Duas notinhas, uma em seguida da outra, definem o que será a eleição para o governo de SP.
Na primeira, enterra-se a possibilidade de impugnação da candidatura do carioca Tarcísio de Freitas. Ao contrário do paranaense Sérgio Moro, Tarcísio alugou imóvel em uma cidade do estado. Portanto, tinha endereço fixo, suficiente para provar seu “vínculo” com o estado. Como se vê, não era muita coisa o que precisaria ser feito para conseguir provar o domicílio eleitoral. Mas, em uma carreira política marcada pelo improviso, Moro nem sequer isso conseguiu.
Na segunda nota, fica claro que o próximo governador será um desses três nomes: Tarcísio de Freitas, Márcio França ou Rodrigo Garcia. Qualquer um dos três se beneficiará do voto antipetista no 2o turno. É provável que Haddad possa atrair o voto anti-bolsonarista se o seu adversário for Tarcísio de Freitas, mas não creio que esse contingente seja suficiente para lhe dar a vitória. Para tanto, seria preciso que chegasse ao 2o turno com mais de 40% dos votos, o que parece bem improvável. Contra Márcio França ou Rodrigo Garcia, a derrota de Haddad seria ainda mais acachapante, pois não contaria com o voto anti-bolsonarista.
Enfim, treino é treino, jogo é jogo, eleição é uma caixinha de surpresas, mas acho que o quadro eleitoral paulista está bem delineado.
Ouve-se um farfalhar nervoso de asas no ninho tucano. Tuíte na página oficial do partido, com estrondosas 166 curtidas, afirma que Lula é “hipócrita” ao buscar líderes tucanos. Aécio xinga o candidato petista de “arrogante”.
Mas a manchete alarmista do Estadão (“… abala busca por apoios entre rivais históricos”) é desmentida na própria reportagem.
Aloysio Nunes apertou o “confirma” no 13 ainda no 1o turno, apesar do “reparo” à fala de Lula.
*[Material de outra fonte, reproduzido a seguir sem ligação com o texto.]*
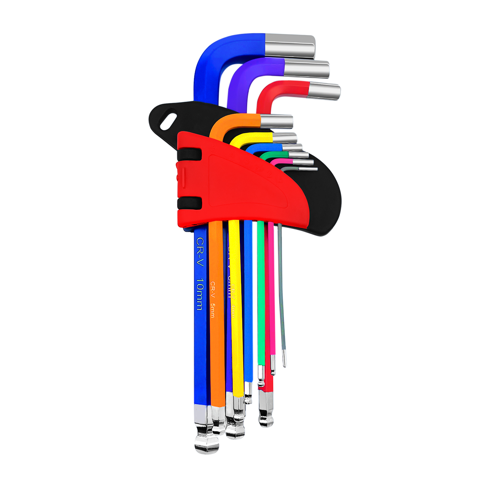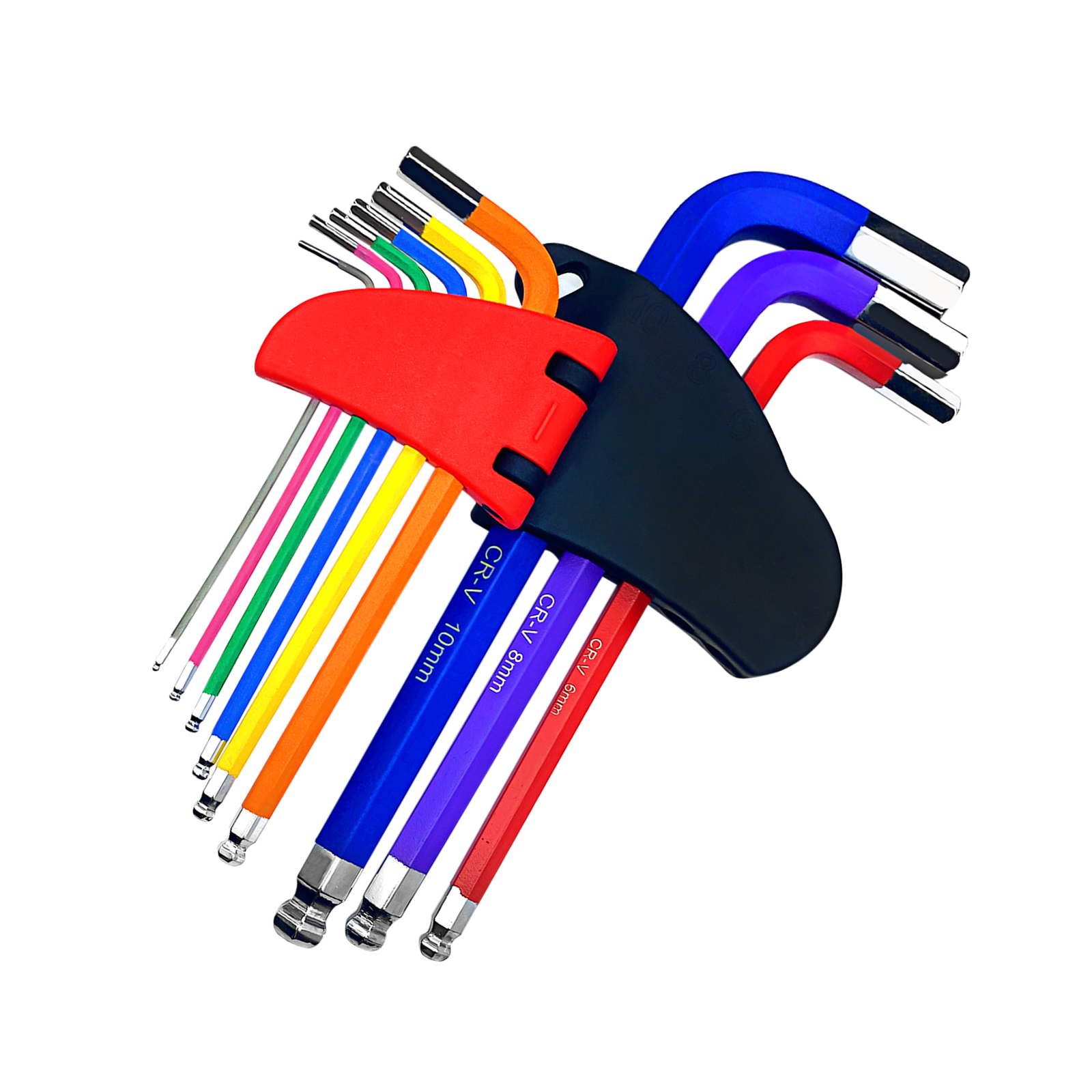 Allen Key Set Socket Folding Wrench Hex Metric 9Pcs/Set Ball End Long Wrench Colour Coded Alan Keys 1.5mm - 10mm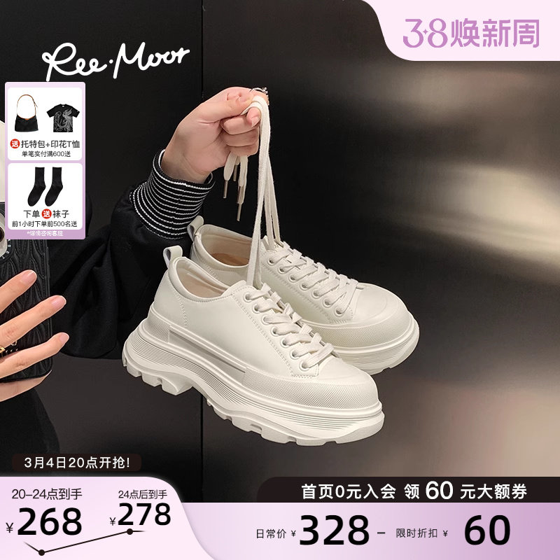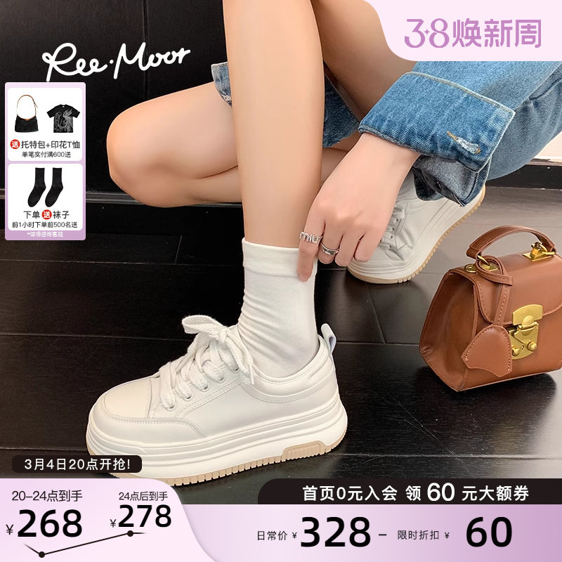 REEMOOR睿慕2024春季简约小白鞋厚底增高休闲百搭运动鞋板鞋女鞋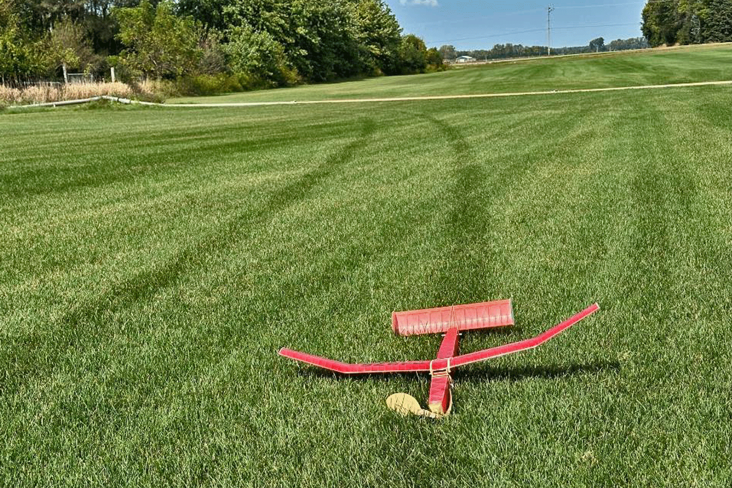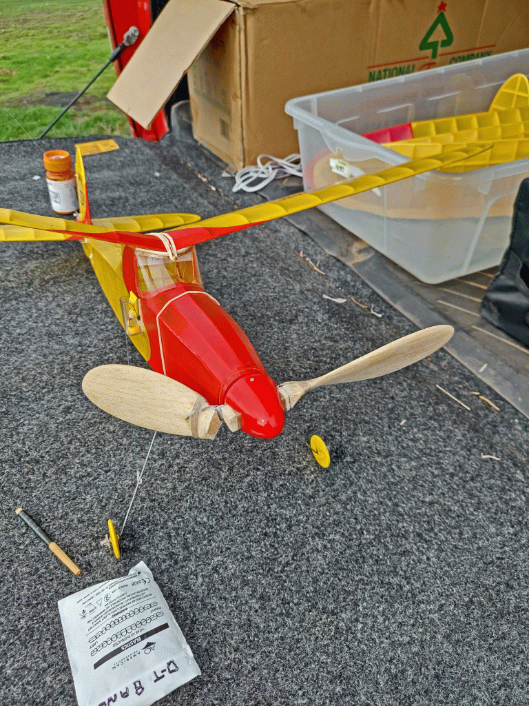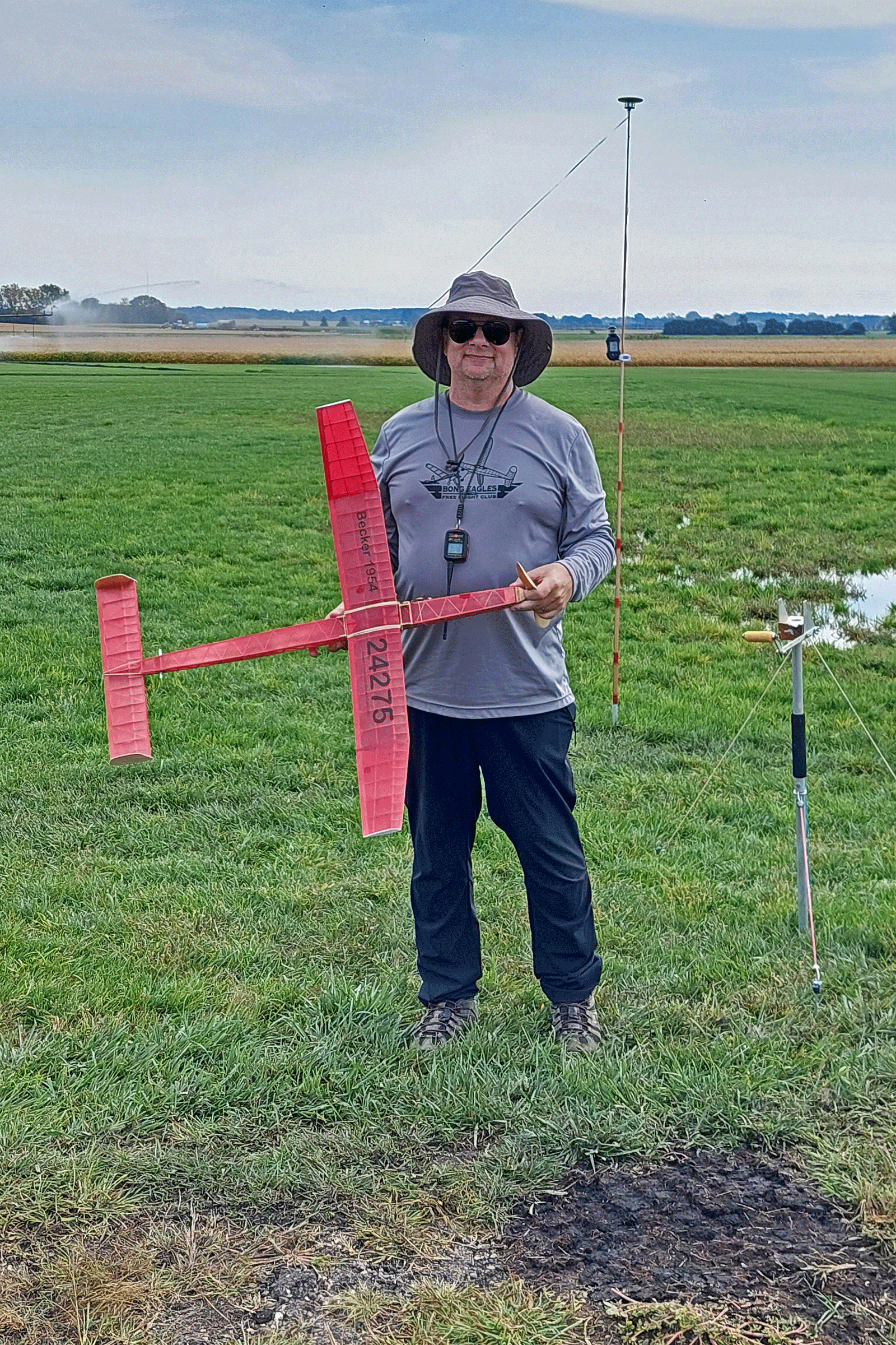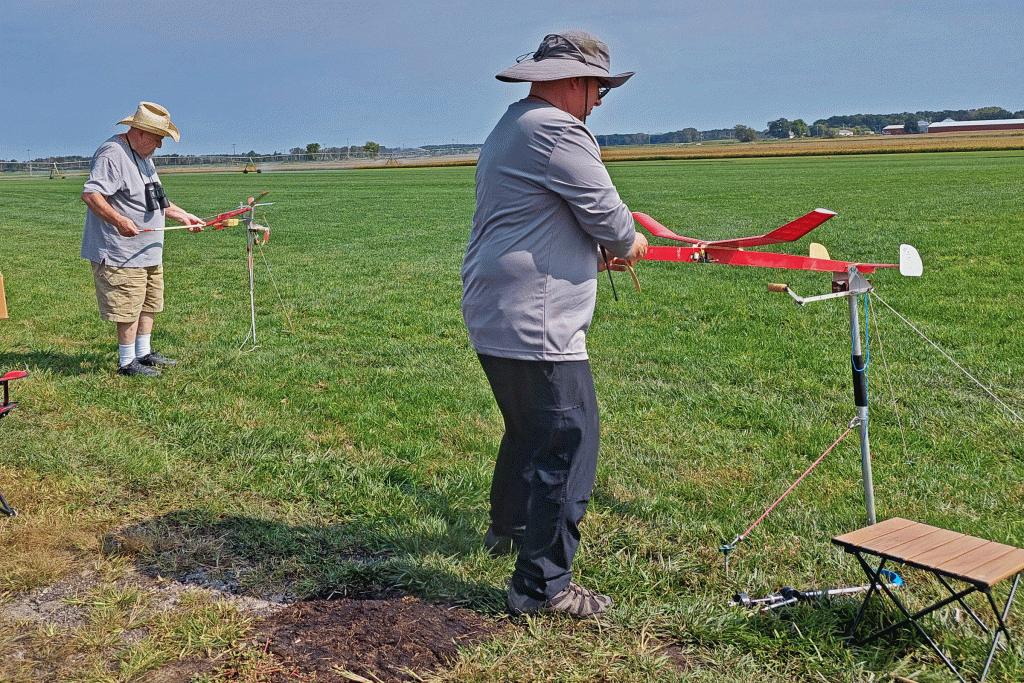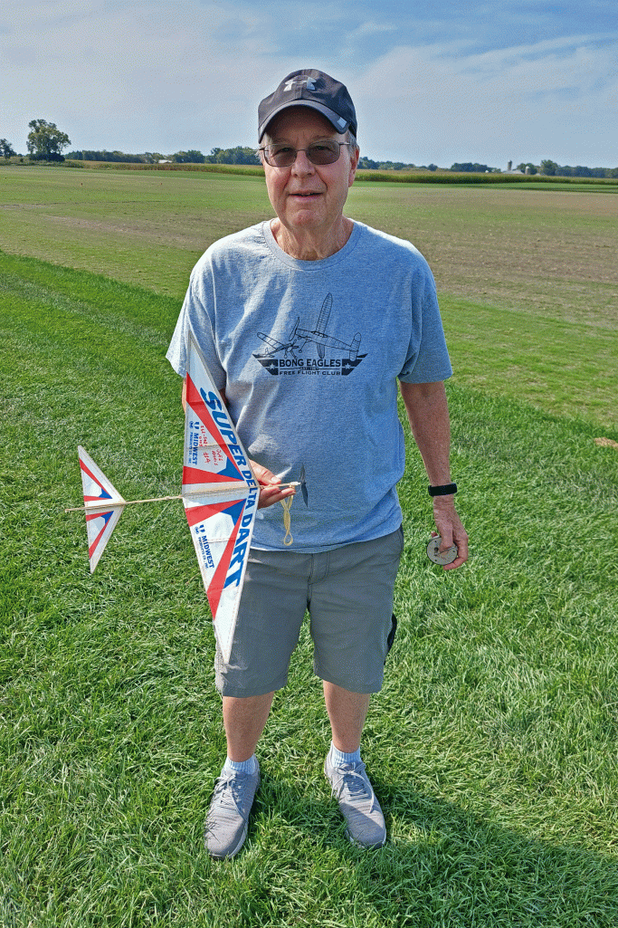 The fun fly scheduled for Saturday 9-14-15 was moved to Sunday due to predicted slightly lower wind velocities. The weather turned out to be beautiful on Sunday with Sunny skies, warm temperatures in the low 80’s, and wind out of the South to South-East 4 to 7 mph. Steve Pollina had just finished his Sparky and started putting in some initial test flights, which all flew well. Steve improved the flight path by incrementally adding some right thrust to make the model turn better under power. Steve is a master builder with his new Sparky beautifully detailed with outline colors, custom-made decals, vacuum-formed spinner, electronic DT, and GPS locator. Mike Kirda continued trimming his Becker oldtimer stick model and had some outstanding flights of around 400 ft. altitude per his GPS altimeter readings. This model is also equipped with RDT allowing Mike to overfly trees and hazards before tripping the DT in a safe landing zone. Jim continued to work on trimming one of his many P30 models. Jeff attended to take photos and trim his Super Delta Dart which doesn’t fly too far as he is still recovering from rotator cuff surgery.

E resta alguma dúvida de que o PSDB histórico estará ao lado de Lula no 2o turno, independentemente do que o petista fale?
Que o PSDB acabou não há dúvida. O partido quis ser uma oposição europeia no ambiente político brasileiro. Para que isso funcionasse, seria necessário que seu adversário também fosse europeu, de preferência alemão. Mas o PT é latino-americano, com toda a falta de institucionalidade que nos caracteriza. Precisou chegar um sujeito como Bolsonaro, que entende que a regra do jogo é dedo no olho e chute da medalhinha pra cima, para concorrer com o PT de igual para igual. Como cereja do bolo cuidadosamente preparado durante anos a fio, o partido, a começar por seus “líderes históricos”, sabotou o seu próprio candidato escolhido pelos filiados nas prévias. Realmente, não tinha risco de dar certo.
A prova máxima do fim do PSDB está em um tuíte do próprio perfil oficial do PSDB, 24 horas depois do tuíte anterior. Ao retuitar notícia do UOL, o perfil oficial do PSDB (convém repetir) reproduz a foto que acompanha o tuíte do UOL: Lula de mãos dadas para o alto com Alckmin, em gesto de união e vitória. É o troféu de Lula exibido na sala de estar do partido. O PSDB acabou.
A pesquisa Datafolha publicada hoje está dando o que falar. Não é à toa: Lula aparece com 48% das intenções de voto, indicando vitória já no 1o turno, 21 pontos à frente de Bolsonaro. É a maior pontuação de Lula desde o início do ano, e a maior diferença desde fevereiro, quando uma pesquisa da Genial/Quaest apontou diferença de 22 pontos.
Mas vamos analisar um pouco mais. O gráfico abaixo mostra o acompanhamento de todas as pesquisas publicadas desde o início do ano (total de 44 pesquisas até o momento). Cada ponto representa uma pesquisa, e a linha continua é a média das pesquisas feitas nos últimos 15 dias. A ideia é pegar a tendência de curto prazo.
Podemos observar que o número do Datafolha não muda a tendência para Lula de maneira relevante, que já vinha oscilando entre 40 e 45 pontos desde o início do ano, e continua lá. Seria necessário que outras pesquisas confirmassem o Datafolha para mostrar uma tendência de crescimento.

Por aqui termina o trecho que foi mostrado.